The era breakdown makes the scale of the change concrete.
| Era | Matches | Home win % | Draw % | Away win % | Home goals/game | Away goals/game | Goal advantage | Home PPG | Away PPG |
|---|---|---|---|---|---|---|---|---|---|
| 1993–2000 | 2,824 | 45.5% | 28.2% | 26.4% | 1.5 | 1.1 | +0.4 | 1.6 | 1.1 |
| 2000–2010 | 3,800 | 47.2% | 25.7% | 27.1% | 1.5 | 1.1 | +0.4 | 1.7 | 1.1 |
| 2010–2020 | 3,734 | 45.6% | 24.7% | 29.7% | 1.6 | 1.2 | +0.4 | 1.6 | 1.1 |
| 2020–21 Covid | 446 | 39.7% | 21.8% | 38.6% | 1.4 | 1.3 | +0.1 | 1.4 | 1.4 |
| 2021–2026 | 1,869 | 44.2% | 23.6% | 32.2% | 1.6 | 1.3 | +0.3 | 1.6 | 1.2 |
Two eras stand out. The 1990s and 2000s were almost identical, home win rates in the mid-to-high 40s, away teams winning barely more than one match in four, home advantage around +0.42 to +0.42. Then 2010–2020 marked the first meaningful decline, followed by a sharper drop in the current era. In 2021–2026, away teams are winning 32.16% of matches, a figure that would have been extraordinary in the early years of the Premier League.
The Real Mechanism: Away Goals, Not Fewer Home Goals
This chart is the most important piece of analysis in the article. The widespread narrative around declining home advantage assumes home teams are performing worse at home. The data does not support that.

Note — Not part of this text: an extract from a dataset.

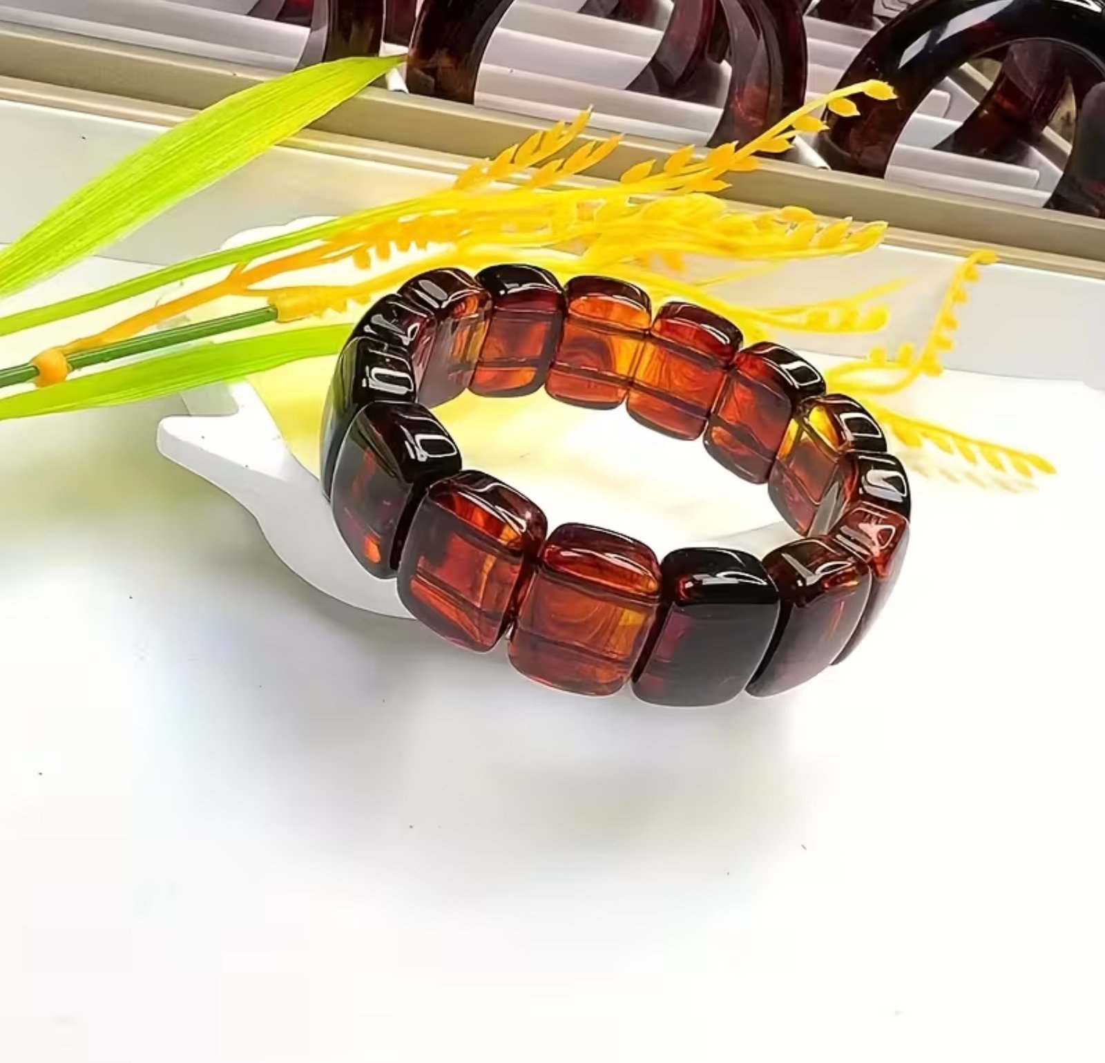 Pulsera de ámbar birmano natural, símbolo de protección y energía cálida.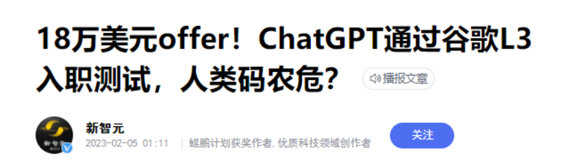 Google向ChatGPT发放了自己招聘程序员时的面试考卷,根据作答质量,给出了L3级工程师的offer,这在Google内部算是初级工程师岗位,平均年薪为18.3万美元。这是码农们的恐怖故事。

Home teams in the Premier League scored 1.44 goals per game in 1993–94. In 2025–26 so far, they are scoring 1.52. Home scoring has been broadly flat across 33 seasons, with normal season-to-season variation around a stable mean.
Away teams tell a completely different story. Away scoring was 1.15 goals per game in 1993–94. By 2021–22 it had reached 1.31, by 2023–24 it was 1.48, and in 2024–25 away teams averaged 1.42 goals per game - a 24% increase over the early Premier League era.
The drivers are consistent with what we know about the broader decline of home advantage across European football: better away preparation through video analysis, improved sports science around travel recovery, the growing tactical sophistication of away game structures, and VAR reducing the crowd-driven referee bias that historically benefited home teams. Away teams are simply better equipped to score than they were in 1993.
How the Premier League Compares to the European Average
The Premier League has never been the strongest home advantage league in Europe. In the early seasons of our dataset the 22-league average was significantly above the PL, partly because the sample was dominated by strong home advantage leagues like the Greek Superleague, Ligue 1 and Serie A which were all at their historical peaks in the mid-to-late 1990s.
From roughly 2005 onward the PL tracked close to or above the European average as those other leagues declined faster than the Premier League. That position has now reversed sharply. In 2024–25, the Premier League's +0.09 was well below the 22-league average of +0.28. In the last five completed seasons, the PL has been below the European average in three.
This matters for anyone using generic home advantage assumptions in their analysis. The Premier League is no longer a high home advantage environment by European standards. It is currently among the weakest.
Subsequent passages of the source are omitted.